* **Given entries**:
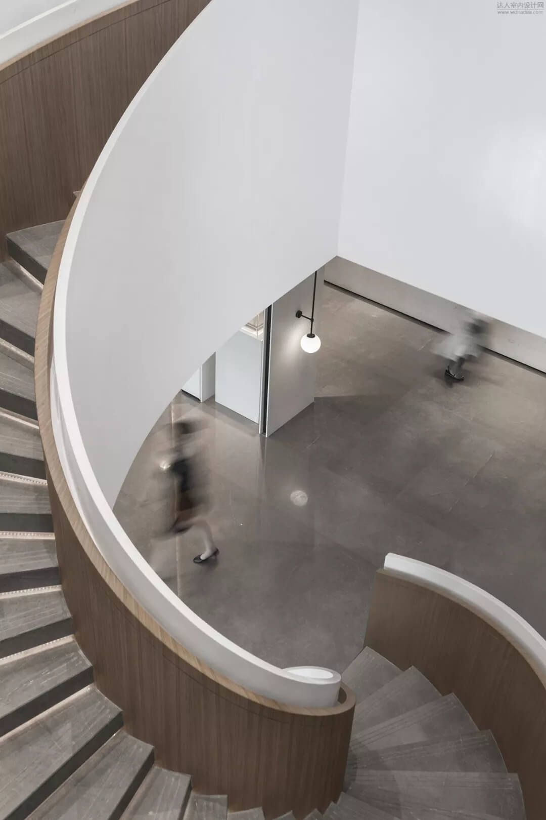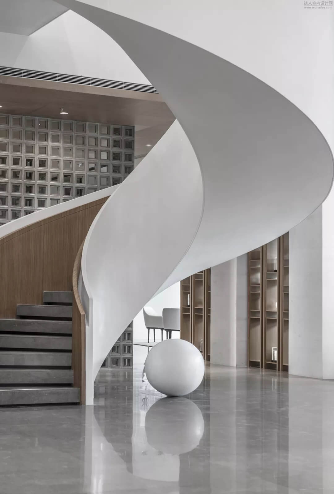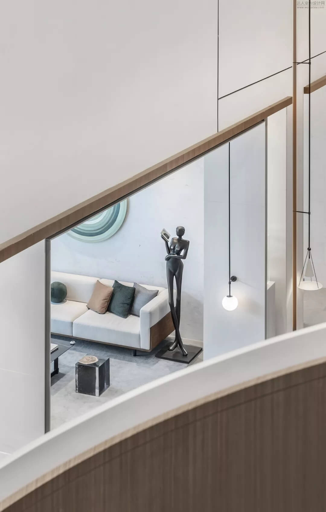 淡雅的白色配以溫馨木色的夢幻般旋轉(zhuǎn)樓梯入口,白色球體與之呼應,旋轉(zhuǎn)而上,動態(tài)感的景色盡收眼底,格子狀猶如延續(xù)的·星際穿越,感受平衡時空不同維度的交措時光,身處'空間',在無限與有限中穿梭,不經(jīng)意的轉(zhuǎn)角余光是同色的球燈相映,優(yōu)秀的設計師是會講故事的人。
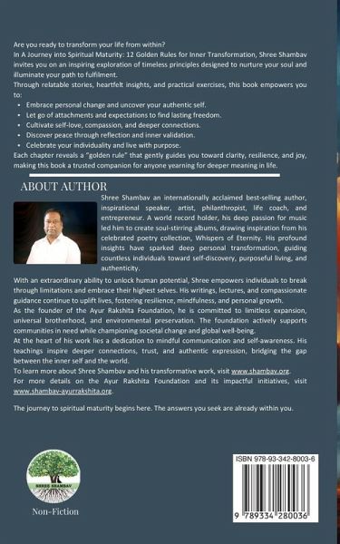 Shree Shambav is an internationally acclaimed, best-selling author, inspirational speaker, artist, philanthropist, life coach, and entrepreneur. A world record holder with 36+ best-selling titles to his name, Shree Shambav is known for his transformative insights that bridge the realms of spiritual wisdom, personal growth, poetic beauty, and technical mastery.His literary journey began with the powerful Journey of Soul - Karma, a work that resonated deeply with readers and set the tone for a body of work rooted in introspection, healing, and purposeful living. From the widely embraced Twenty + One Series to the Life-Changing Journey - Inspirational Quotes collection, his writings have inspired thousands to embark on their own inner journeys.A poet at heart, Shree's soul-stirring albums and lyrical compositions-especially Whispers of Eternity: 150 Plus - A Symphony of Soulful Verses and Whispers of the Soul: A Journey Through Haiku-capture the essence of human emotion with haunting beauty. His artistic sensitivity is matched by his technical brilliance, showcased in the Optimum - Python Power Series I to IV and the eye-opening Unveiling the Enigma: Death - Light of Life and the Shadow of Death.His recent works, such as Learn to Love Yourself, The Power of Letting Go, Whispers of a Dying Soul, and Awakening the Infinite, delve into the human psyche with compassion and clarity, offering timeless guidance for self-discovery and emotional healing. His Beyond the Veil series fearlessly explores life after death, merging science, spirituality, and mysticism into an awe-inspiring narrative.An alumnus of the Indian Institute of Management and the National Institute of Technology, Shree brings with him rich professional experience from the corporate world. This unique blend of intellectual rigor and soulful expression empowers him to guide readers from all walks of life.Shree has recently expanded into metaphysical studies with the Astrology Unveiled - Foundations of Ancient Wisdom series (I to VI), demystifying Vedic astrology and enriching it with spiritual depth and practical relevance.A true humanitarian, Shree Shambav founded the Ayur Rakshita Foundation, a non-profit organization dedicated to universal upliftment, environmental harmony, and community well-being. His work through the foundation reflects his belief in the boundless potential of the human spirit and the power of unity.To learn more about his books, music, and mission, visit www.shambav.orgTo explore the charitable initiatives of his foundation, visit www.shambav-ayurrakshita.org
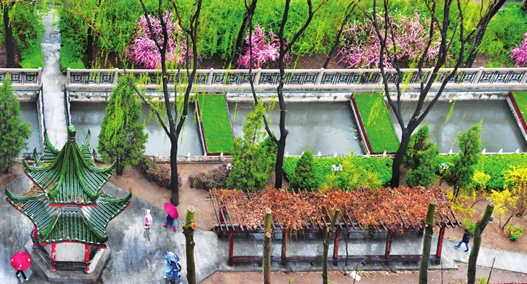 4月3日,一场春雨悄然而至,湿润的空气让人们倍感舒适。市气象台提醒广大市民,受冷空气影响,未来几日,我市气温持续走低,要注意防寒保暖。韩双喜 摄
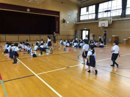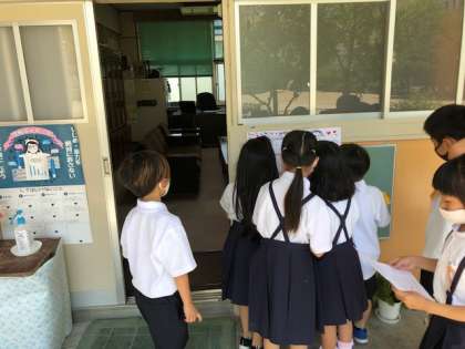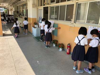 1年生が、2年生の案内で学校内の各教室を回り、それぞれの教室の使い方や役割について学びました。1年生にとっては、広い学校内は、たんけん感覚で興味を持って学んでいました。
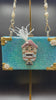 Beautiful blue ab crystal bag has eight gold decorative metal corners. On the front corners there are Swarovski pearls and ivory flowers. In the center is an interchangeable- removable nutcracker brooch. This fun bag is finished off with Swarovski crystal feet and topper. Comes with a decorative handle and a crossbody chain.
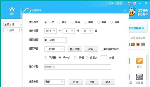 3、打開電腦鬧鐘新建界面。我們可以選擇設(shè)置鬧鐘的循環(huán)方式、循環(huán)日期、腦中時(shí)間、提醒聲音、響鈴方式、任務(wù)標(biāo)簽、鬧鐘分組;
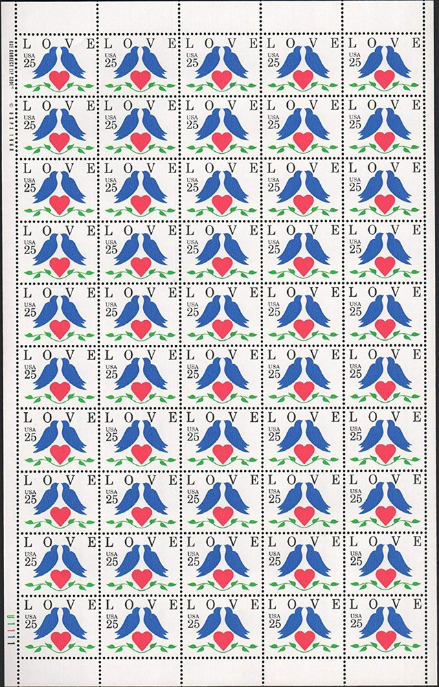 Love Birds Sheet of 50 Stamps - 25 Cent Postage Stamps Scott 2440
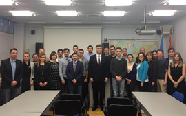 Na poziv Hrvatskog društva za Ujedinjene narode potpredsjednik Odbora za vanjske poslove EP-a Andrej Plenković održao je raspravu s polaznicima UN akademije o uzajamnim odnosima suradnje Ujedinjenih naroda i Europske unije
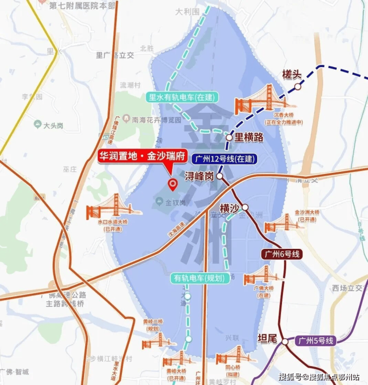 项目距离地铁6/12号线浔峰岗站直线1.5公里。自驾有金金沙洲大桥、大坦沙大桥、沉香大桥在建、同心桥(在建)、水道口大桥、黄岐大桥、丰岗大桥、碧江大桥(规划中)全面环绕。
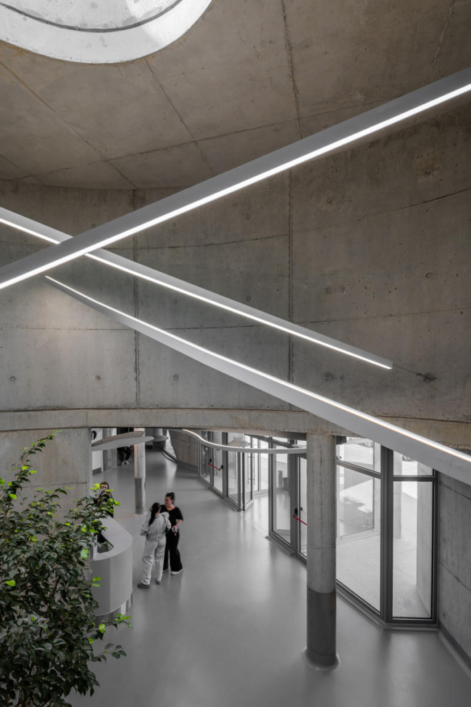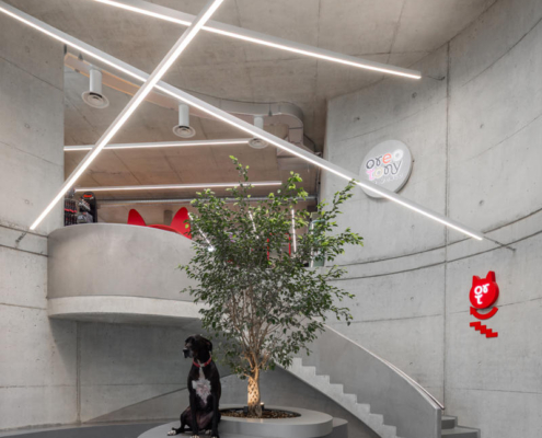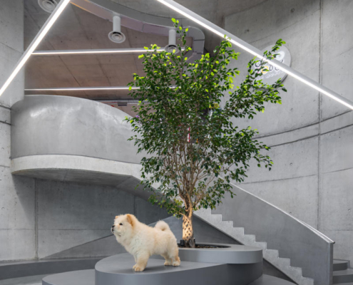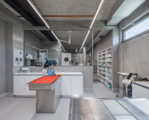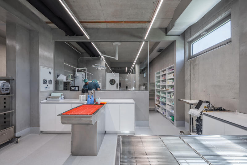 Yumuşak organik formlarla betonun güçlü yalınlığı arasındaki karşıtlık, işlevselliği estetik derinlikle birleştiriyor. Teraslar ve bahçeler yalnızca süsleme değil; hastaların ışık, hava ve doğayla temas kurabileceği iyileştirici mekanlar olarak düşünülmüş. İç mekan hastane kullanıcılarının psikolojik ihtiyaçlarına göre dikkatle planlanmış. İnsan sağlığında olduğu gibi, mekan psikolojisi burada da temel rol oynuyor: Mekanlar farklı türlerin, özellikle doğal rakiplerin kendini güvende hissetmesi için kurgulanmış. Kedi ve köpekler için alanların düzenlenmesi, insanlar için olduğu gibi konfor, gerektiğinde ayrışma ve düşünceli bir birliktelik yaklaşımıyla ele alınmış.
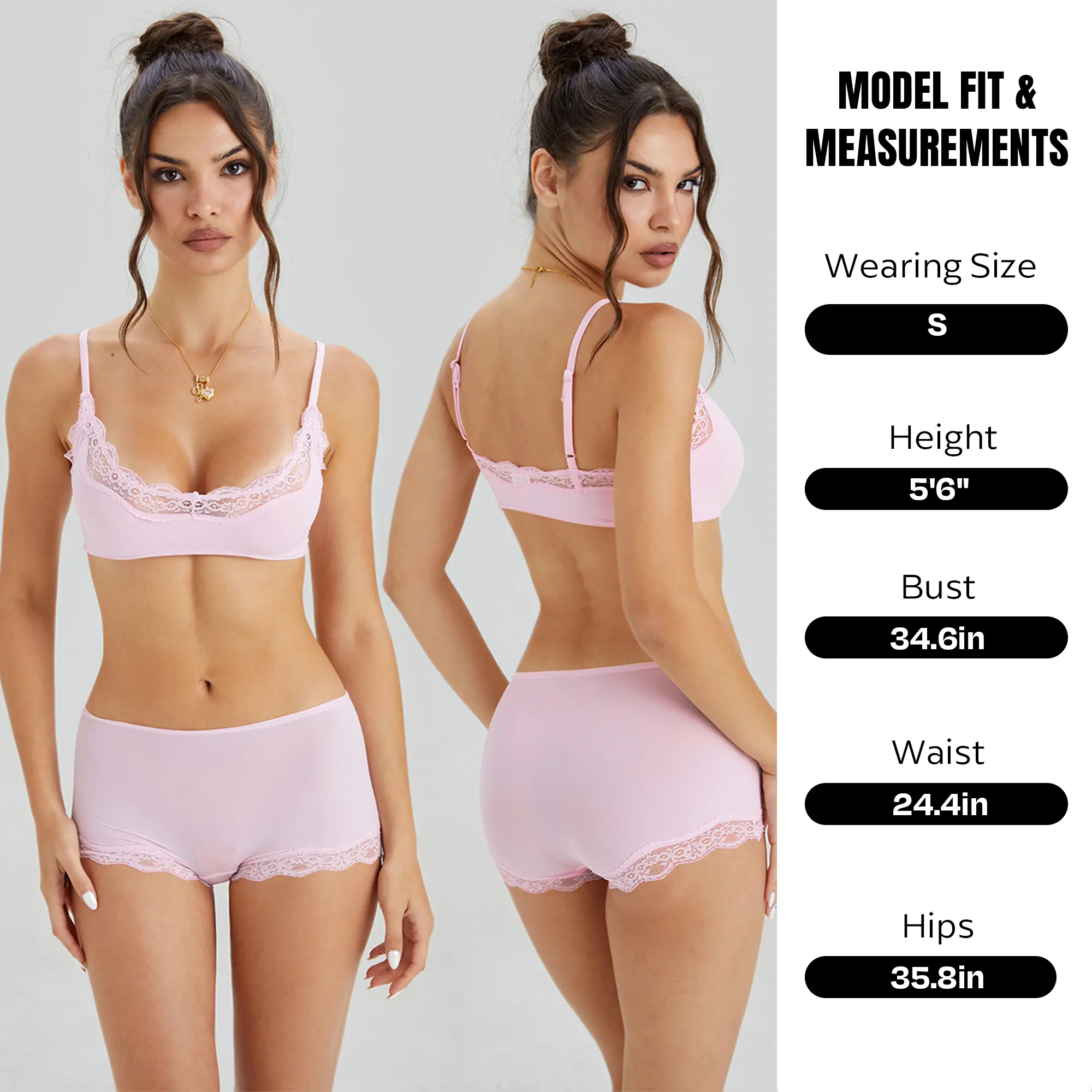 We can't get enough of the feminine silhouette on our lace series soft underwear set!

* **Exercise brief**: Exact copy, no images: rewrite the entire listing above.

* **Response below**:
 淡雅的白色配以溫馨木色的夢幻般旋轉(zhuǎn)樓梯入口,白色球體與之呼應,旋轉(zhuǎn)而上,動態(tài)感的景色盡收眼底,格子狀猶如延續(xù)的·星際穿越,感受平衡時空不同維度的交措時光,身處'空間',在無限與有限中穿梭,不經(jīng)意的轉(zhuǎn)角余光是同色的球燈相映,優(yōu)秀的設計師是會講故事的人。
 Shree Shambav is an internationally acclaimed, best-selling author, inspirational speaker, artist, philanthropist, life coach, and entrepreneur. A world record holder with 36+ best-selling titles to his name, Shree Shambav is known for his transformative insights that bridge the realms of spiritual wisdom, personal growth, poetic beauty, and technical mastery.His literary journey began with the powerful Journey of Soul - Karma, a work that resonated deeply with readers and set the tone for a body of work rooted in introspection, healing, and purposeful living. From the widely embraced Twenty + One Series to the Life-Changing Journey - Inspirational Quotes collection, his writings have inspired thousands to embark on their own inner journeys.A poet at heart, Shree's soul-stirring albums and lyrical compositions-especially Whispers of Eternity: 150 Plus - A Symphony of Soulful Verses and Whispers of the Soul: A Journey Through Haiku-capture the essence of human emotion with haunting beauty. His artistic sensitivity is matched by his technical brilliance, showcased in the Optimum - Python Power Series I to IV and the eye-opening Unveiling the Enigma: Death - Light of Life and the Shadow of Death.His recent works, such as Learn to Love Yourself, The Power of Letting Go, Whispers of a Dying Soul, and Awakening the Infinite, delve into the human psyche with compassion and clarity, offering timeless guidance for self-discovery and emotional healing. His Beyond the Veil series fearlessly explores life after death, merging science, spirituality, and mysticism into an awe-inspiring narrative.An alumnus of the Indian Institute of Management and the National Institute of Technology, Shree brings with him rich professional experience from the corporate world. This unique blend of intellectual rigor and soulful expression empowers him to guide readers from all walks of life.Shree has recently expanded into metaphysical studies with the Astrology Unveiled - Foundations of Ancient Wisdom series (I to VI), demystifying Vedic astrology and enriching it with spiritual depth and practical relevance.A true humanitarian, Shree Shambav founded the Ayur Rakshita Foundation, a non-profit organization dedicated to universal upliftment, environmental harmony, and community well-being. His work through the foundation reflects his belief in the boundless potential of the human spirit and the power of unity.To learn more about his books, music, and mission, visit www.shambav.orgTo explore the charitable initiatives of his foundation, visit www.shambav-ayurrakshita.org
 4月3日,一场春雨悄然而至,湿润的空气让人们倍感舒适。市气象台提醒广大市民,受冷空气影响,未来几日,我市气温持续走低,要注意防寒保暖。韩双喜 摄
 1年生が、2年生の案内で学校内の各教室を回り、それぞれの教室の使い方や役割について学びました。1年生にとっては、広い学校内は、たんけん感覚で興味を持って学んでいました。
 Beautiful blue ab crystal bag has eight gold decorative metal corners. On the front corners there are Swarovski pearls and ivory flowers. In the center is an interchangeable- removable nutcracker brooch. This fun bag is finished off with Swarovski crystal feet and topper. Comes with a decorative handle and a crossbody chain.
 3、打開電腦鬧鐘新建界面。我們可以選擇設(shè)置鬧鐘的循環(huán)方式、循環(huán)日期、腦中時(shí)間、提醒聲音、響鈴方式、任務(wù)標(biāo)簽、鬧鐘分組;
 Love Birds Sheet of 50 Stamps - 25 Cent Postage Stamps Scott 2440
 Na poziv Hrvatskog društva za Ujedinjene narode potpredsjednik Odbora za vanjske poslove EP-a Andrej Plenković održao je raspravu s polaznicima UN akademije o uzajamnim odnosima suradnje Ujedinjenih naroda i Europske unije
 项目距离地铁6/12号线浔峰岗站直线1.5公里。自驾有金金沙洲大桥、大坦沙大桥、沉香大桥在建、同心桥(在建)、水道口大桥、黄岐大桥、丰岗大桥、碧江大桥(规划中)全面环绕。
 Yumuşak organik formlarla betonun güçlü yalınlığı arasındaki karşıtlık, işlevselliği estetik derinlikle birleştiriyor. Teraslar ve bahçeler yalnızca süsleme değil; hastaların ışık, hava ve doğayla temas kurabileceği iyileştirici mekanlar olarak düşünülmüş. İç mekan hastane kullanıcılarının psikolojik ihtiyaçlarına göre dikkatle planlanmış. İnsan sağlığında olduğu gibi, mekan psikolojisi burada da temel rol oynuyor: Mekanlar farklı türlerin, özellikle doğal rakiplerin kendini güvende hissetmesi için kurgulanmış. Kedi ve köpekler için alanların düzenlenmesi, insanlar için olduğu gibi konfor, gerektiğinde ayrışma ve düşünceli bir birliktelik yaklaşımıyla ele alınmış.
 We can't get enough of the feminine silhouette on our lace series soft underwear set!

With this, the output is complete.